Followed by these two patches:
[clangd] JSON <-> XPC conversions
https://reviews.llvm.org/D48560
[clangd] XPC transport layer
https://reviews.llvm.org/D48562

Ping. Added reviewers suggestion.

Hi Jan,

Thanks for putting this together, and apologies - this is one of the places where we don't have nice abstractions/layering, so adding XPC was harder than it should be.

As I mentioned on the other review, I think maybe this patch isn't invasive enough, we could do a more thorough job of making the json transport a standalone, first-class thing.
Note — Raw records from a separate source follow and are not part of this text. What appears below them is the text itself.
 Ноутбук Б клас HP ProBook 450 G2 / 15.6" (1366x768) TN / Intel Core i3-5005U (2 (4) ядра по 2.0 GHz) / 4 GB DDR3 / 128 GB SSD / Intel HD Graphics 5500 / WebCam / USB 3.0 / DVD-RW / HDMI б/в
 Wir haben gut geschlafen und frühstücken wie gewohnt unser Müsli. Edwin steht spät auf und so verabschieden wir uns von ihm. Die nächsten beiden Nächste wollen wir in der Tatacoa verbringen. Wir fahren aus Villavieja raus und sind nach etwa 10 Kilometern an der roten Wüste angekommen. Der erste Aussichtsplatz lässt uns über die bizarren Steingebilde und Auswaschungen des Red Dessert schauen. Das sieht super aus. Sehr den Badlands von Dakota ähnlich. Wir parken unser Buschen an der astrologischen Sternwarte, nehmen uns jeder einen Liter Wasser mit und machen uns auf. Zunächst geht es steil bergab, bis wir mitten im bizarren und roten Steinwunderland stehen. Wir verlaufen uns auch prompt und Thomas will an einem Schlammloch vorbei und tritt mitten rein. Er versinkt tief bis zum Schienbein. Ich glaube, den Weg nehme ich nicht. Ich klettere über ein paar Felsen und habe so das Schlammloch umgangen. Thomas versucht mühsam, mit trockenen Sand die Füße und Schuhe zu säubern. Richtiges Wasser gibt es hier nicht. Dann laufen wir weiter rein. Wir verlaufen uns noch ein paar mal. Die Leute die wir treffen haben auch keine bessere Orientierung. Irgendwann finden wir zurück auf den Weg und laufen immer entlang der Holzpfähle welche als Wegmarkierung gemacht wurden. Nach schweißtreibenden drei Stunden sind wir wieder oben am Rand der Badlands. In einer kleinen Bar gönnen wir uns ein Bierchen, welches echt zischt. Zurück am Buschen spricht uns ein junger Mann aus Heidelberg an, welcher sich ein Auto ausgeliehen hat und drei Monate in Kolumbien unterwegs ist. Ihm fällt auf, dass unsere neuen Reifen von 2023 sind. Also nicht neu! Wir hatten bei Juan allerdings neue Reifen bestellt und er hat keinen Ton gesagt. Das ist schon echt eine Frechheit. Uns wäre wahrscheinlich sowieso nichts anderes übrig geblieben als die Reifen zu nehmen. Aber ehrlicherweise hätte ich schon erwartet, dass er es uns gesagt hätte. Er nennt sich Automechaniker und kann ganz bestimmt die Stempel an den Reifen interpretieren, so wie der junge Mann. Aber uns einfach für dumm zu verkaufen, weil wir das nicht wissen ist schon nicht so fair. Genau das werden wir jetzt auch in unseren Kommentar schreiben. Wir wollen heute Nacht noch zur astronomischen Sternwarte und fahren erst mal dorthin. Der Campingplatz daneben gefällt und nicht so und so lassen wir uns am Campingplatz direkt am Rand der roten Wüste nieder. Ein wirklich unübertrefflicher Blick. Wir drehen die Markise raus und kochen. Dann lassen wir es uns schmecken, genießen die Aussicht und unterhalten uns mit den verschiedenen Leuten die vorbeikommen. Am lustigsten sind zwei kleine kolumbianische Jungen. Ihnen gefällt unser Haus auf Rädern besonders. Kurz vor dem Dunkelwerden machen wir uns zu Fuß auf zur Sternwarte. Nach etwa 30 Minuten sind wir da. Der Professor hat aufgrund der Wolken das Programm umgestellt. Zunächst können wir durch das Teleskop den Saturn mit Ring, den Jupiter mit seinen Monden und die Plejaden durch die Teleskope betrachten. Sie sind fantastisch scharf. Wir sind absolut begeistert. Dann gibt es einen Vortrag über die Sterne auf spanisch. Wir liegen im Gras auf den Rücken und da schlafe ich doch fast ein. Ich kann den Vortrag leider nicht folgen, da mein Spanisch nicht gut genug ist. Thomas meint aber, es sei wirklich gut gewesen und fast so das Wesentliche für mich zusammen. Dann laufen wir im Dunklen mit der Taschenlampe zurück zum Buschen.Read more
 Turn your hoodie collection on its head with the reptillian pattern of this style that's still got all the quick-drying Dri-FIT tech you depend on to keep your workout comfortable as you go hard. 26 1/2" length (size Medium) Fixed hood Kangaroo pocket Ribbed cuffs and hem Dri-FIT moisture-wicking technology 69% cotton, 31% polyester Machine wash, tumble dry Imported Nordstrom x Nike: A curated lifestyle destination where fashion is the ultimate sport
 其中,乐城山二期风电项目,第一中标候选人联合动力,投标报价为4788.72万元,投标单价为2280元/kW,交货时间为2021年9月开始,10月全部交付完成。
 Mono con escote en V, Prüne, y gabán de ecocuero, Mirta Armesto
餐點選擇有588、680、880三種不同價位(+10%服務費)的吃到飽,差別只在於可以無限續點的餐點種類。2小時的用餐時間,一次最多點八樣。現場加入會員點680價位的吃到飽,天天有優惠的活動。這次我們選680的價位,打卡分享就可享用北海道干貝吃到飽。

This makes it easier to swap out for XPC but also would improve the layering in the core clangd classes.

I put together a sketch of a Transport interface in D49389 (that patch is extremely unfinished and won't compile, but the idea might be interesting).
The idea is that we should be able to implement that class for XPC and then it should just drop-in as a replacement for the JSON one.
I've indicated there where XPC and JSON implementation can share code (assuming you wouldn't rather "tighten up" the protocol and eliminate some JSON-RPC noise).

If you like this direction I'm happy for you to pick the bits you like, or I can finish it as a refactoring and we can make sure it works for XPC.
If not, that's fine too - happy to look at other ways to reduce duplication between them.

DispatcherCommon.h
38

I think I wrote this bit... it's a hack that I'm not sure deserves to be visible in a header (it was bad enough in JSONRPCDispatcher.cpp!)
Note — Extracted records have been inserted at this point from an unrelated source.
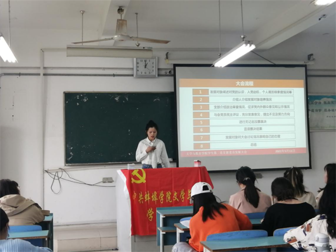 大会开始,由发展对象各自宣读了《入党申请书》。随后分别对自己预备期一年里的思想、学习、生活等各方面情况向党组织做了汇报,阐述对党的认识,入党动机,个人履历及家庭情况,并且表达了入党的决心。接着,介绍人介绍发展对象培养情况。支部组织委员介绍发展对象的政治审查情况、征求党内外群众意见和公示情况。支部正式党员在充分讨论和发表意见后,进行无记名投票。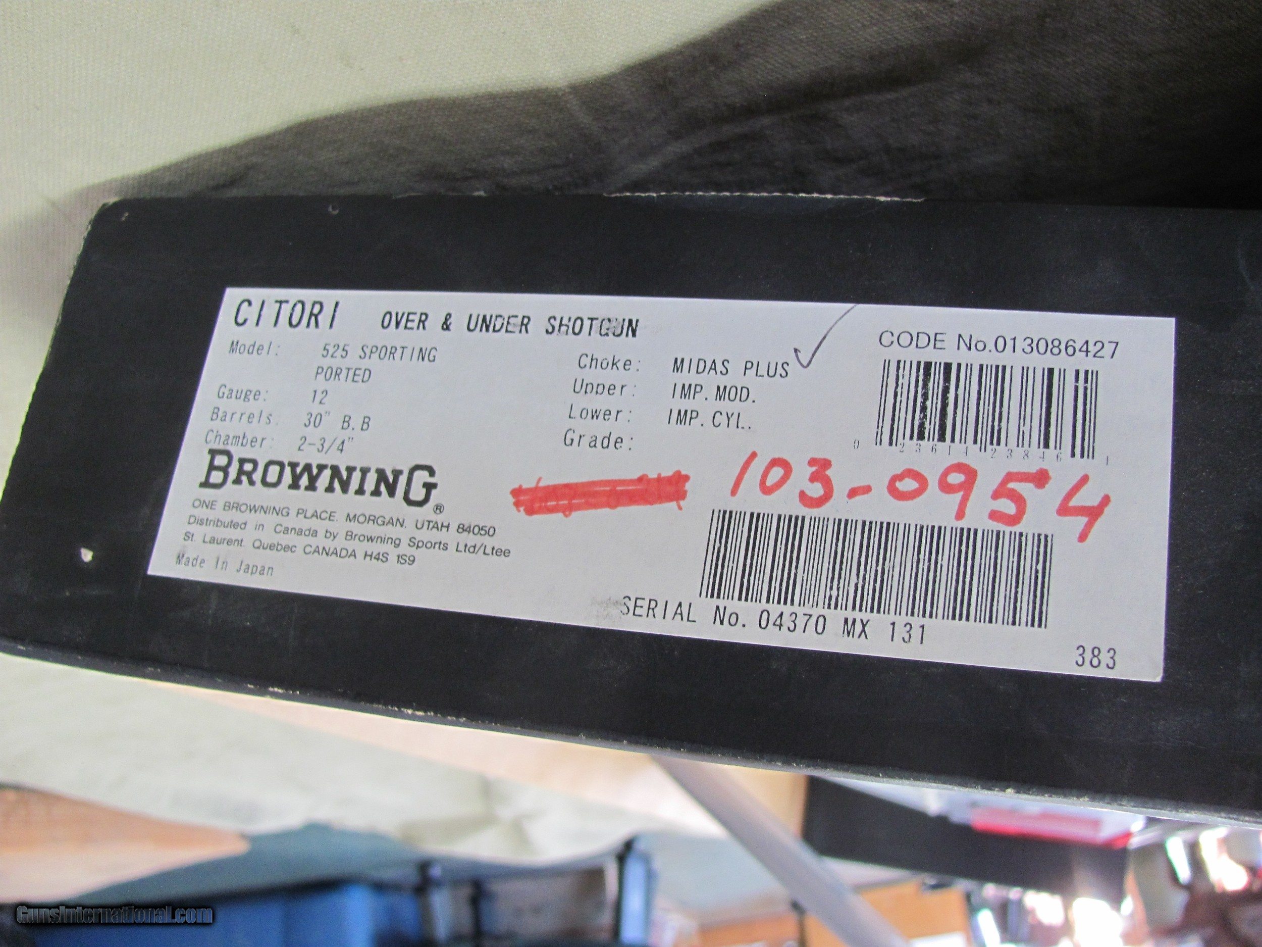 MINT BROWNING CITORI 525 SPORTING CLAYS PORTED 12 GAUGE OVER UNDER SHOTGUN WITH A TOTAL OF 10 CHOKES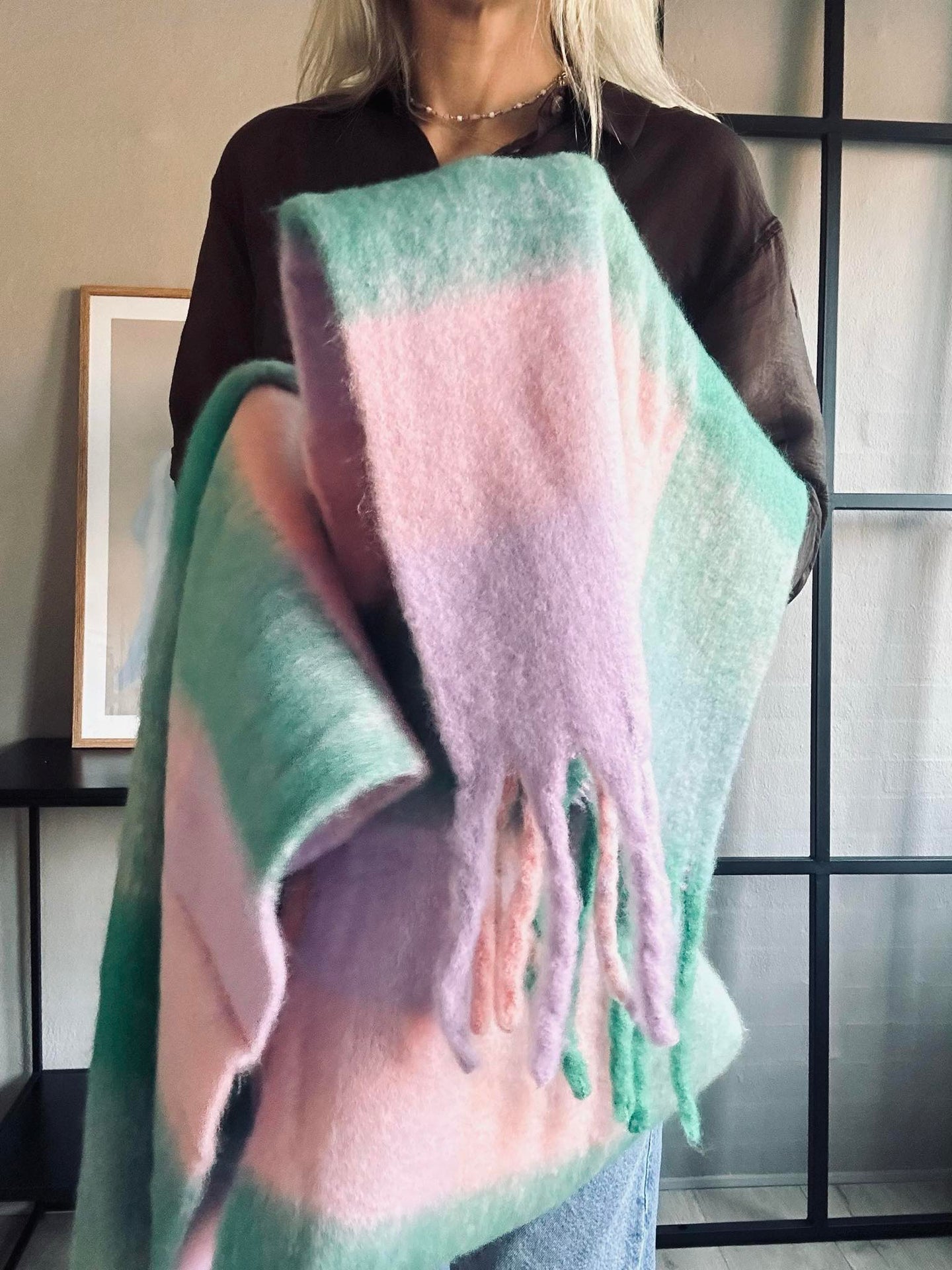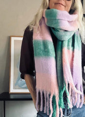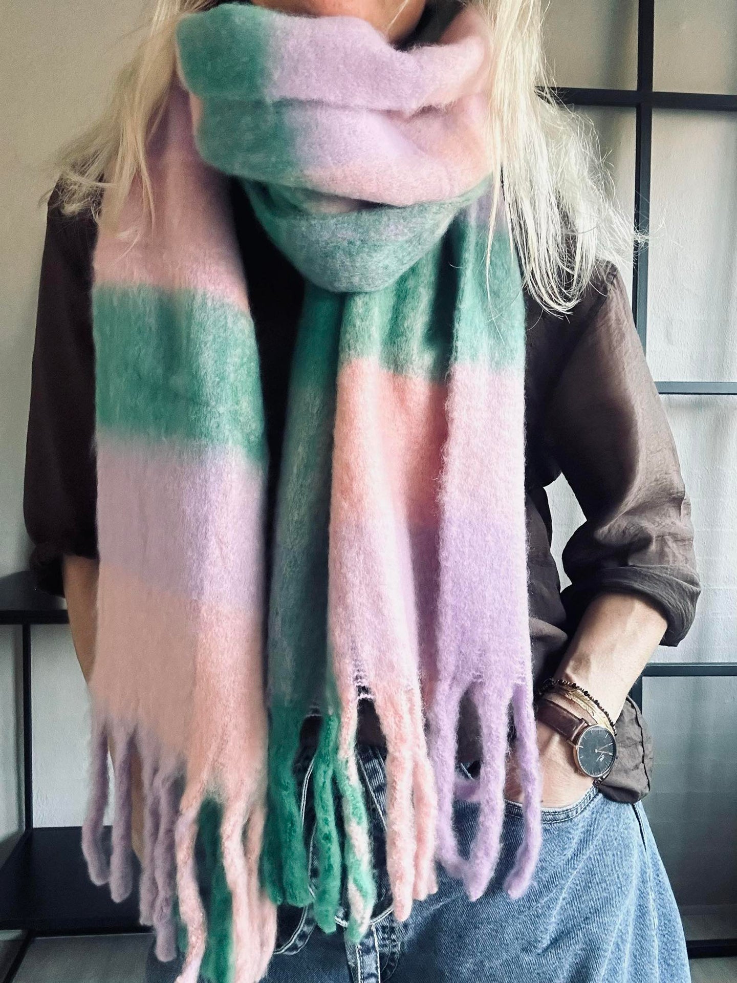 Skjerf Ninna - Rosa / grønn er et lunt og mykt skjerf med tydelige fargetoner i rosa og grønn. Det stripete mønsteret gir et rolig, dekorativt uttrykk, som er lett å kombinere med både nøytrale og fargerike antrekk.

Rather than exposing it so we can use it twice, I'd hope we can manage to keep it hidden so that JSON and XPC can share it.

Hi Sam, thanks for your feedback!

In general I agree that explicitly factoring out the transport layer and improving layering would be a good thing. Unfortunately it's highly probable that we'd like to drop JSON completely from XPC dispatch (XPC -> JSON -> ProtocolCallbacks -> JSON -> XPC) in not too distant future. (Please don't take this as a promise as our priorities might change but it's probable enough that I don't recommend to base any common abstraction on JSON.) I originally tried to create similar abstraction but ultimately gave up as it was way too complex. Not saying it's impossible or that I would not like to though!

I basically see these different parts of the problem:

  1. dispatch implementation

I think that different dispatch implementations might be better kept separate without any common abstraction as it's not a lot of code and not much of opportunities for shared implementation - DispatcherCommon.h/cpp effectively vanishes in case we drop JSON from XPC dispatch.

  1. LSP request deserialization

Deserialization of LSP requests for different transport layers is easy - it's a single line of code (currently lambda wrapper in HandlerRegisterer) so it would be easy to parametrize this.

  1. LSP response serialization

This is where I failed. Basically I haven't found any nice way how to make it a part of transport layer interface. I could imagine having a set of response classes in Protocol.h and toXpc functions but still not sure what kind of interface to have for these in transport layer.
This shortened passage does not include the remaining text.